Michael Kruse:It’s not unusual at all. In many instances in a jury case (which is always the case pretty much in first degree murder cases), you’re going to be taking the stand and it has to be a weak case not to take the stand, in my view, or there’s negatives on the accused, like a serious criminal record that the jury might hear or a poor demeanour. But in cases that I’ve seen where there’s direct testimony, and in this case, it appears to be a strong case on paper. You’ve got direct testimony – admittedly, perhaps, an incredible witness (not a credible witness): Ms McClintic. But there’s links establishing exactly that the timelines which corroborates and confirms their the evedence so, I think it cries out for a credible denial. And by putting him on the stand, they’re going to change the focus on him and it could change the whole lay of the trial and establish reasonable doubt.
Interviewer:And in your experience, how much do jurors want to hear an accused say they didn’t do it?

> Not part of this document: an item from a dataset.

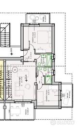 Il piccolo condominio di nuova costruzione ospiterà due scale. La prima accoglierà 4 appartamenti e, la seconda servita dall'ascensore 6. Ubicata in una splendida e comoda posizione, la costruzione offrirà molta privacy. Particolarmente esposto al sole, il piccolo condominio sorgerà al fondo di una via chiusa, ampia e ricca di parcheggi pubblici, regalando tranquillità senza togliere la comodità di essere in centro al paese. Giardini privati e terrazzi garantiranno gli sfoghi esterni di proprietà. L'appartamento, identificato con la sigla 'A5' è posizionato al primo ed ultimo piano e possiede una mansarda n.a. di 75 metri collegata dalla scala interna posata in soggiorno. Caratterizzato dalla tripla esposizione e dai 3 balconi, l'immobile avrà accesso dalla porta blindata sul disimpegno a vista sul soggiorno con angolo cottura. La grande porta finestra di 2,5 metri garantirà l'accesso al terrazzino che affaccia sul lato interno del piccolo condominio. Lo stesso disimpegno darà la possibilità di utilizzare la prima camera, quella più grande, arricchita dal balcone privato. Adiacente alla camera matrimoniale sarà presente il primo bagno finestrato, all'interno del quale sarà posata la vasca. Il secondo disimpegno servirà l'altra camera, anch'essa valorizzata dal suo balcone privato. A concludere il piano sarà il secondo bagno finestrato con la doccia incassata. Attraverso la scala interna sarà possibile arrivare al piano mansardato n.a. di 75 mettri illuminato dal Velux, che raggiunge i 3,5 metri di altezza. La catina di proprietà è ubicata al piano interrato. Sullo stesso livello saranno presenti le autorimesse acquistabili a parte, singole o doppie con area di manovra di circa 6 metri. Il piccolo fabbricato verrà costruito rispettando le recenti normative legate al risparmio energetico garantendo una classe 'A'. Il riscaldamento ed il raffrescamento saranno a pavimento gestiti dalle pompe di calore con i relativi pannelli sul tetto. Ogni appartamento verrà conseg...

Michael Kruse:They absolutely want to hear that. It’s something that, at the end of the day, they’re assessing the strengths and weaknesses of the case and they want to hear his side. Everyone knows there’s two sides to every story. All Mr Rafferty has to do is convince one of those jurors there’s reasonable doubt, for example, and that would result in a mistrial. If he can convince all twelve, he has a not guilty verdict. In any jury case, the jury absolutely wants to hear. That doesn’t mean they want to quit if it’s a weak case, but they’re going to be in that jury room wondering why he didn’t take the stand. The judge and Crown attorney are not allowed to comment on that in their closing addresses. But juries are sophisticated. They know the person can take the witness stand and they may be left there wondering why Mr Rafferty didn’t take the witness stand.
Interviewer:Obviously, you haven’t interviewed him. But given what you know about this case, your observations, if he were your client, would you put him on the stand?
Michael Kruse:Yes, I would. And commenting on that, there’s a lot of defence lawyers who have different theories about these things. But from my practice over the years, both as a Crown attorney and defence counsel, I find that if you properly prepare your witness in a case like this to withstand cross-examination, it has worked over the years to the benefit of my clients to put them on the stand. Some lawyers take a different attack. They say, “Well, I just like to go on a reasonable doubt.” But based on the strength of the case that I’ve read about – and that’s admittedly only from anecdotal stories from the courthouse, of course, and reading the newspaper carefully – it appears to be a strong case, both direct and circumstantial evidence. But at the end of the day, what was his intent? He’s the one who can answer that on the stand, not just putting theories to them through cross-examination. But I think he needs to take the stand and give this jury something to think about.
Interviewer:Michael, thank you very much for sharing your insights on this decision making process.
Michael Kruse:You’re very welcome. My pleasure Wei.
Interviewer:All right. Bye now.
Michael Kruse:Bye.
Interviewer:Michael Kruse is a criminal defence lawyer in London.